EXERCISE: The listing below holds pictures; exclude them. Return exactly the lines from the one with "Описание: Скелет Обами" through the one with "guidance today. Amen.".

RECORDS PROVIDED:
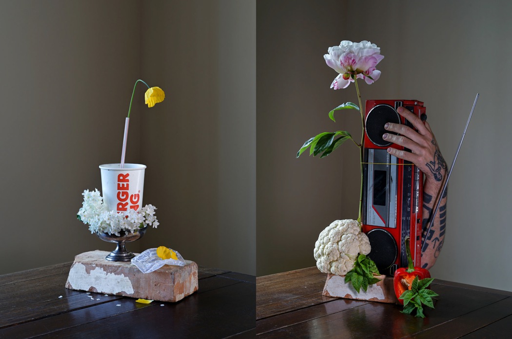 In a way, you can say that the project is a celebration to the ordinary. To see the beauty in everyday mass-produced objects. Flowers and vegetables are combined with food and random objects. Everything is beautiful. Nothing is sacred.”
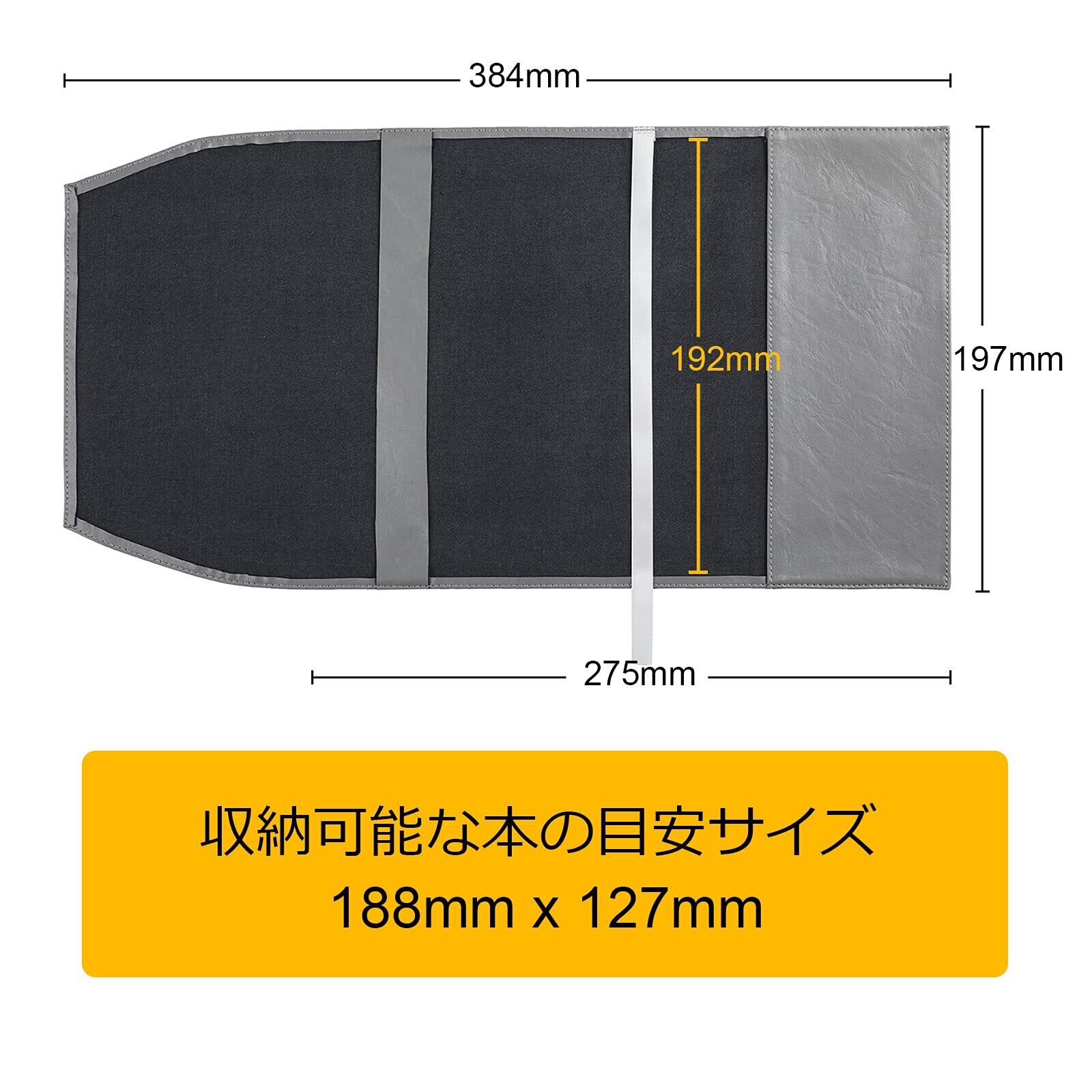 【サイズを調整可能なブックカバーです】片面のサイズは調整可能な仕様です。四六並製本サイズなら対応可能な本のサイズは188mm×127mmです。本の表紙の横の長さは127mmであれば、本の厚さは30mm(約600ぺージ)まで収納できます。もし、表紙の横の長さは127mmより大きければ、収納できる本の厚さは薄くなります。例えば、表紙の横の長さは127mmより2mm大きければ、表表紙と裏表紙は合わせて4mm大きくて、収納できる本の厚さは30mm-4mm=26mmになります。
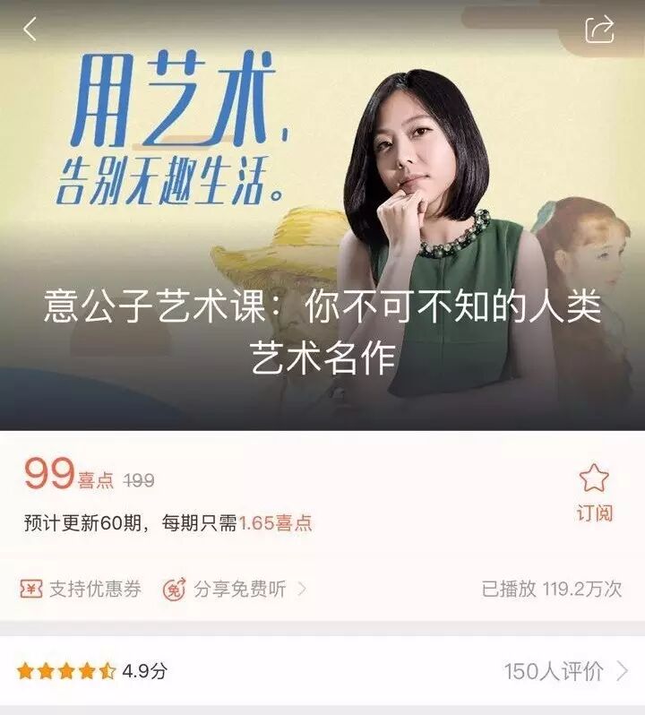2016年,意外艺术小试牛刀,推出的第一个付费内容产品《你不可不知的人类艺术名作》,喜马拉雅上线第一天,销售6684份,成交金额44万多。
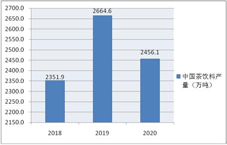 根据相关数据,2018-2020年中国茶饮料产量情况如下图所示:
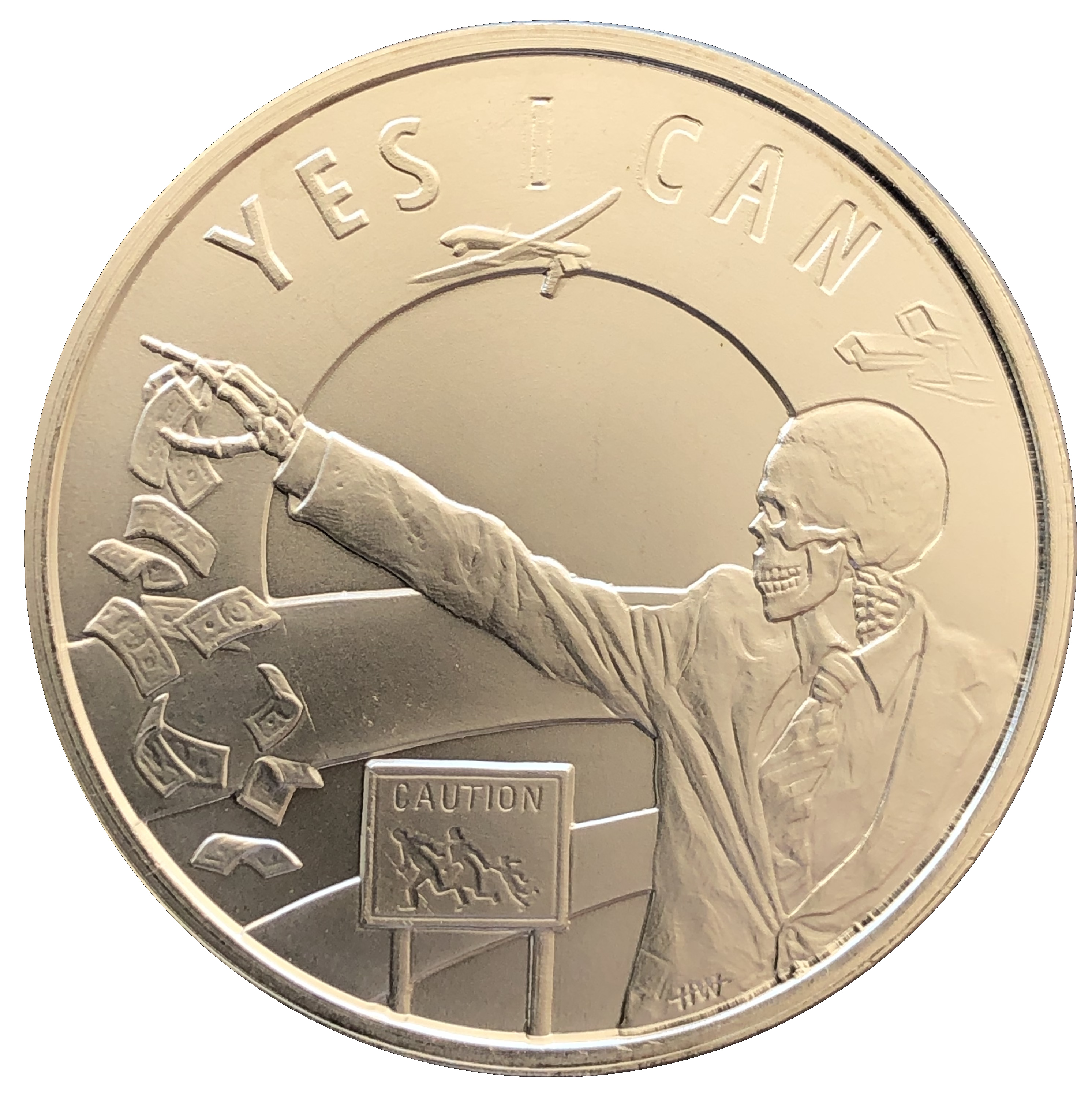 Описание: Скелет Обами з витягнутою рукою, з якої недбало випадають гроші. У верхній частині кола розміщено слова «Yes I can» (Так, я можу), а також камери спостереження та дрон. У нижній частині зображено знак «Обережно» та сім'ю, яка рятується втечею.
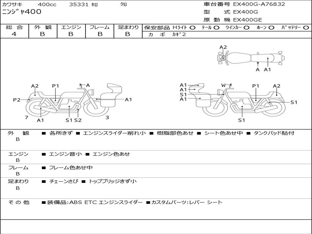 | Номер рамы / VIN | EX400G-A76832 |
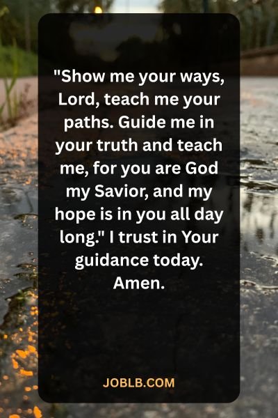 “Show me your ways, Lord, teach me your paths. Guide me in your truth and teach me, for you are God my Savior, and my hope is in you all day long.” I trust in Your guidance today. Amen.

...

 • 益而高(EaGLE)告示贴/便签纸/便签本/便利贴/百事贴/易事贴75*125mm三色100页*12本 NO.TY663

...

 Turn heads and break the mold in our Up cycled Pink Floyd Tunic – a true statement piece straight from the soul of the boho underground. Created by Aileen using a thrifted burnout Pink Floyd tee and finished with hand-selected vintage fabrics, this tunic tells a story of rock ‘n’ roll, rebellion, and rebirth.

TASK SOLUTION:
 Описание: Скелет Обами з витягнутою рукою, з якої недбало випадають гроші. У верхній частині кола розміщено слова «Yes I can» (Так, я можу), а також камери спостереження та дрон. У нижній частині зображено знак «Обережно» та сім'ю, яка рятується втечею.
 | Номер рамы / VIN | EX400G-A76832 |
 “Show me your ways, Lord, teach me your paths. Guide me in your truth and teach me, for you are God my Savior, and my hope is in you all day long.” I trust in Your guidance today. Amen.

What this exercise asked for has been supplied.